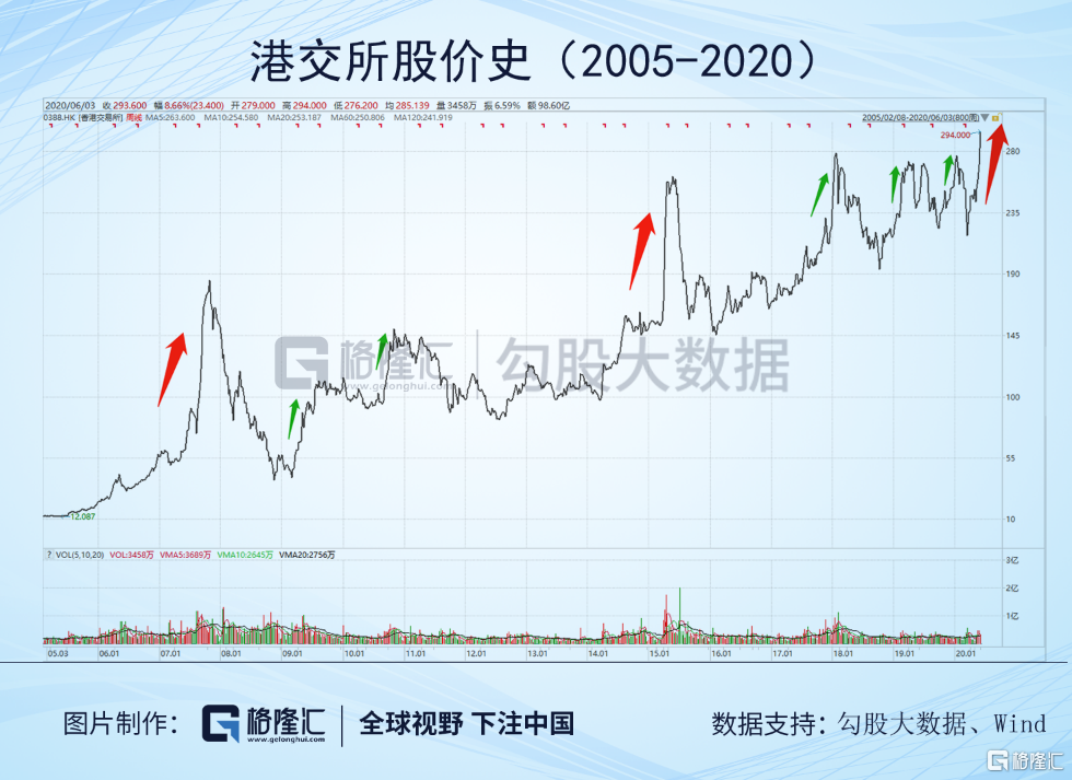 在历史上,这三条逻辑反复出现,影响港交所的股价变动。请看下图。
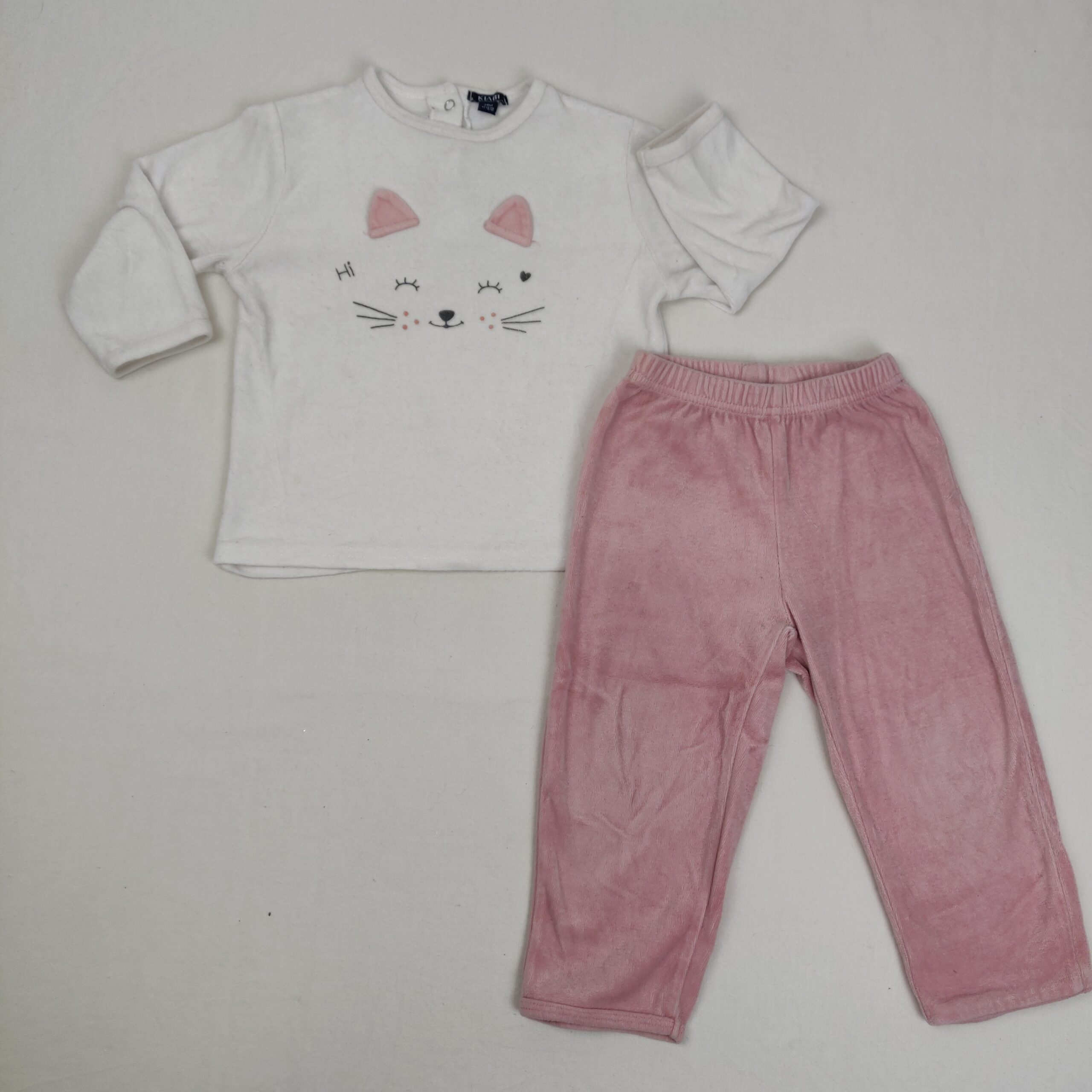 Autres commentaires : 25% polyester – Pyjama 2 pièces en velours dont 1 haut manches longues blanc motif tête de chat à oreilles rose pâle en relief, col rond, fermeture par boutons pression en haut du dos, languettes intérieures pour solidariser par boutons pressions les 2 parties du pyjama, et 1 bas en velours uni rose pâle, ceinture et chevilles élastiquées.
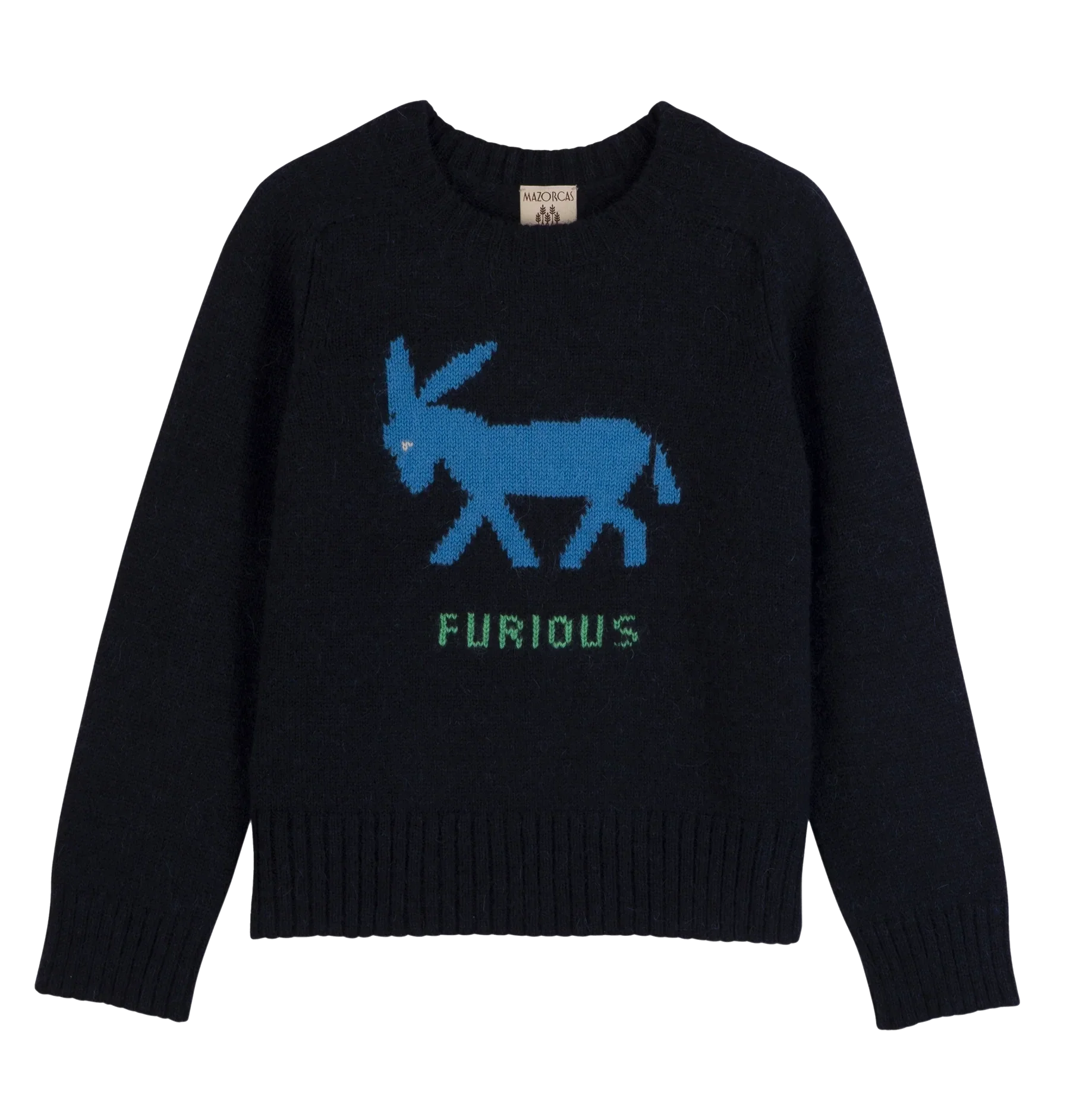 Pierrot est tricoté façon grand-mère: intarsia ÂNE "FURIOUS" dans une épaisseur moyenne - jauge 7
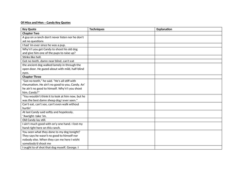 Analysis And Quotes To Revise Candy In Of Mice And Men For The Gcse And Igcse English Exam
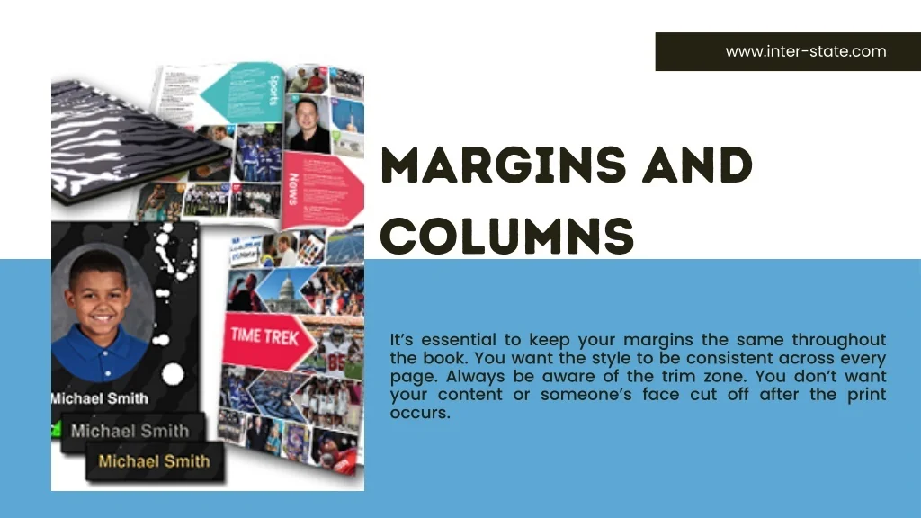 www.inter-state.com Margins and Columns It’s essential to keep your margins the same throughout the book. You want the style to be consistent across every page. Always be aware of the trim zone. You don’t want your content or someone’s face cut off after the print occurs.
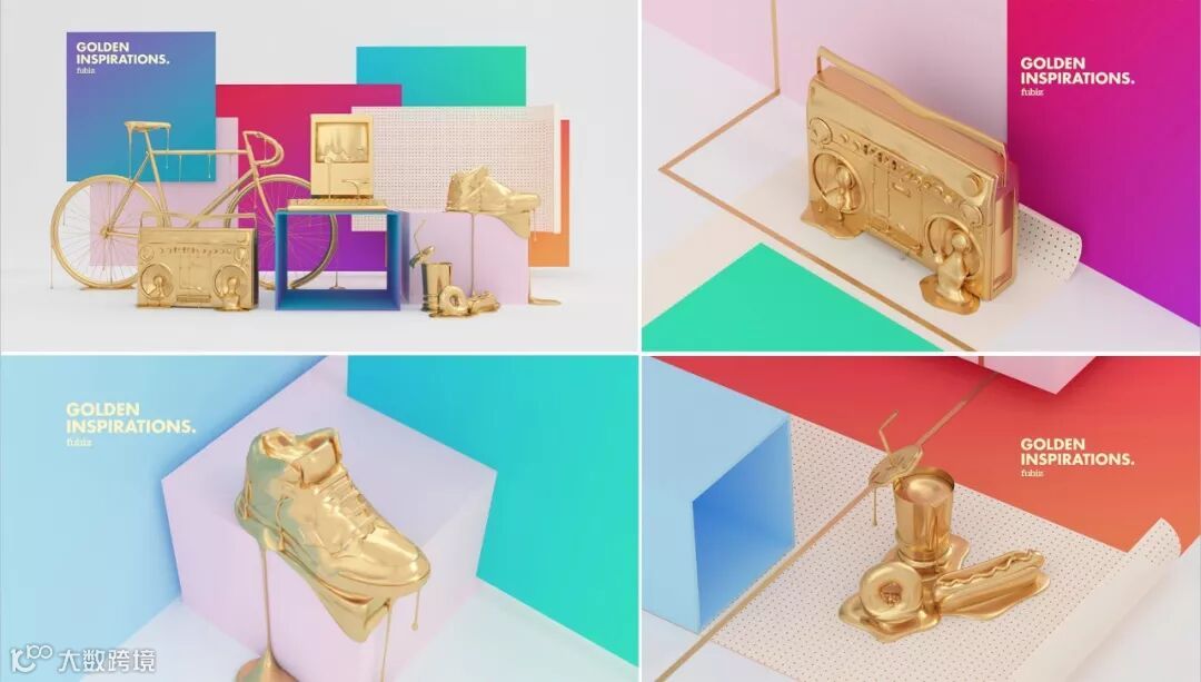 日常事物穿上金色的衣服,极致的金属材质异化与平面元素搭建的空间结合,模拟出来的真实感极具视觉冲击力。
----------
WORK REQUIRED>
Restate word for word the lines from the one holding "Pierrot est tricoté" down through the last line of the records above, and do not include the pictures.

EXPECTED OUTPUT>
 Pierrot est tricoté façon grand-mère: intarsia ÂNE "FURIOUS" dans une épaisseur moyenne - jauge 7
 Analysis And Quotes To Revise Candy In Of Mice And Men For The Gcse And Igcse English Exam
 www.inter-state.com Margins and Columns It’s essential to keep your margins the same throughout the book. You want the style to be consistent across every page. Always be aware of the trim zone. You don’t want your content or someone’s face cut off after the print occurs.
 日常事物穿上金色的衣服,极致的金属材质异化与平面元素搭建的空间结合,模拟出来的真实感极具视觉冲击力。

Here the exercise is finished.